Some of the workshops on the current Diary of Events for next year, may change or be withdrawn in the next few weeks as I adapt my life and my business to be - as always - in sync with what I am able - and willing - to do, and as I am looking for easier weekends with less training workshops, I hope you will like our way forward and will share some ideas and comments at any time.
Hamilton Hall has always offered more workshops, seminars, get togethers and events than any other gay venue we know of ANYWHERE - and with most being ' in house facilitated' - you know who we are and who it is working so hard and it becomes more like a family than strangers.
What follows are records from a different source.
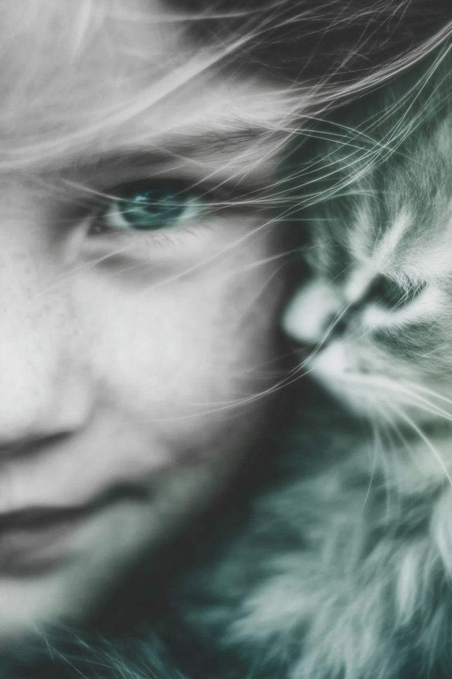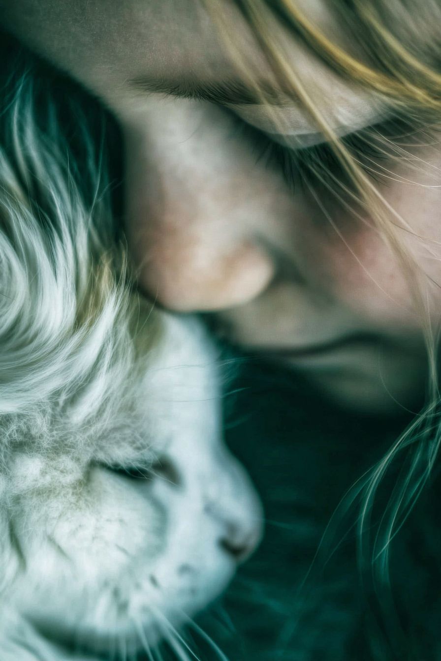 A young beautiful girl and a cute fluffy cat --sref 3359684836 --ar 2:3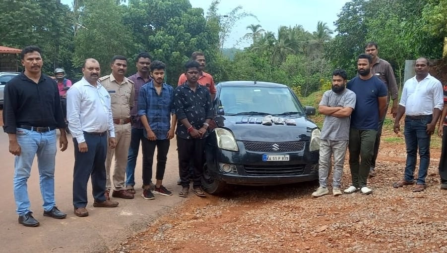 ಉಡುಪಿ:ಕಾರೊಂದರಲ್ಲಿ ಗಾಂಜಾ ಮಾರಾಟ ಮಾಡಲು ಪ್ರಯತ್ನಿಸುತ್ತಿದ್ದ ನಾಲ್ವರು ಗಾಂಜಾ ಪೆಡ್ಲರ್ ಗಳನ್ನು ಮಣಿಪಾಲ ಪೊಲೀಸರು ಬಂಧಿಸಿದ ಘಟನೆ ಮಣಿಪಾಲ ಪೆರಂಪಳ್ಳಿಯ ಶೀಂಬ್ರಾ ಬ್ರಿಡ್ಜ್ ಬಳಿ ನಡೆದಿದೆ.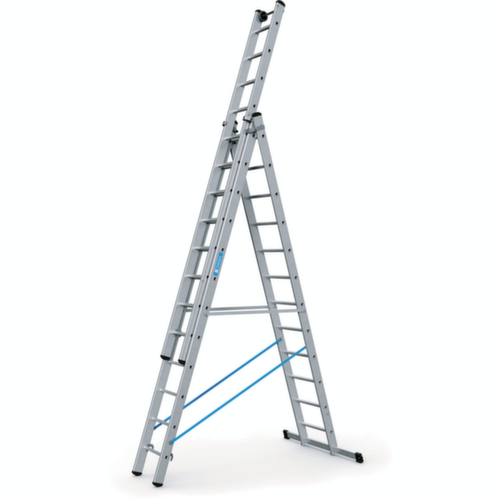"longDescription": "<h2>Échelle combinée multifonctionnelle</h2><strong>une échelle, plusieurs fonctions</strong><br><ul><li><strong>Force particulièrement élevée</strong> - de 150 kg contrairement à la norme</li><li><strong>Pour un transport ergonomique</strong> - Échelle supérieure avec châssis supérieur et roulette dans la traverse</li><li><strong>Surface antidérapante</strong> - échelons striés</li><li>Raccordement d'un barreau à bride</li><li><strong>Utilisation sûre</strong> -sangles en perlon haute résistance comme protection contre l'écartement</li><li><strong>Excellente stabilité sans pliage accidentel</strong> grâce aux traverses rigides- <strong>Bonne stabilité</strong> grâce aux pieds en plastique</li><li>Léger et robuste - fabriqué en aluminium</li></ul><br><h3>Le choix vous appartient :</h3><ul><li><strong>Pour une sortie facile de l’échelle supérieure</strong> au choix avec des roulettes murales</li><li><strong>Stabilité supplémentaire</strong> - Au choix avec des marches ultra basses sur l’échelle supérieure</li></ul><br>Cette échelle polyvalente de Zrages est parfaitement adaptée à une utilisation industrielle, même au plus haut niveau. La conception en trois parties peut être combinée comme un escabeau ou une échelle à coulisse et peut être commandée avec différents nombres d'échelons et être utilisée pour les escaliers. La construction robuste porte la marque GS et bénéficie d'une garantie de 10 ans.<br><br>Tous les modèles sont équipés d'un dispositif anti-soulèvement au sommet de l'échelle pour éviter tout décrochage involontaire et sont fabriqués en aluminium. Les raccordements échelon-cloche bridés, les profilés en aluminium extrudé à haute résistance sans soudure et les deux sangles très résistantes à la déchirure, qui servent à empêcher l'écartement, offrent une protection particulière. Les échelons carrés profilés antidérapants et les pieds d'échelle antidérapants à deux composants aux extrémités des montants garantissent une station debout sûre. La version industrielle normale comprend une large traverse et une connexion rigide comme dispositif anti-écoulement. <br><br>La version destinée à un usage intensif offre une traverse extra-large, deux connexions rigides comme protection contre les écarts et une échelle supérieure comme protection contre les écarts. Ceci est crucial pour les travaux prolongés avec l'échelle.<br><br><strong>Critères de qualité</strong><br><ul><li>Assurance qualité conform. à DIN EN 131 Professional</li><li>Conform. à DGUV 208-016 (anciennement BGI 694)</li></ul>",

Naturally is you wished to offer your own workshop - we are always here to host as a residential space for you at very reasonable prices.
Hamilton Hall has become a major part in many mens lives. It has become an integral part of gay culture and thousands of lives have been changed for the better - and this all started with an idea, a thought, and me speaking up and voicing what I wanted to do and after much heartache and a long and sometimes painful road, I did it - and to quote the song.
I HAVE ALWAYS DONE IT - MY WAY -
and those who resent - those who are jealous and those who envy - get off your fat ass and do it - work the long hours, invest your life savings - work 18 hours a day 7 days a week, do it - get you act together and do it for your self and do not always rely on others all the time. Get off your fat ass and lift your thoughts and your deeds to the better good you know you have to offer - and do it.
I couldn't have done this without you.
I have learned and I have grown wiser.
I have listened and I have observed.
I have been one with you and someone separate at the same time.
I have paid attention and I have given of my mind, my body and my soul to a community sorely lacking any soul and that is in need of some inner growth - and Hamilton Hall has - with your help - proved itself to be a leading light on that journey and shall continue into the future, as long as I am able and willing.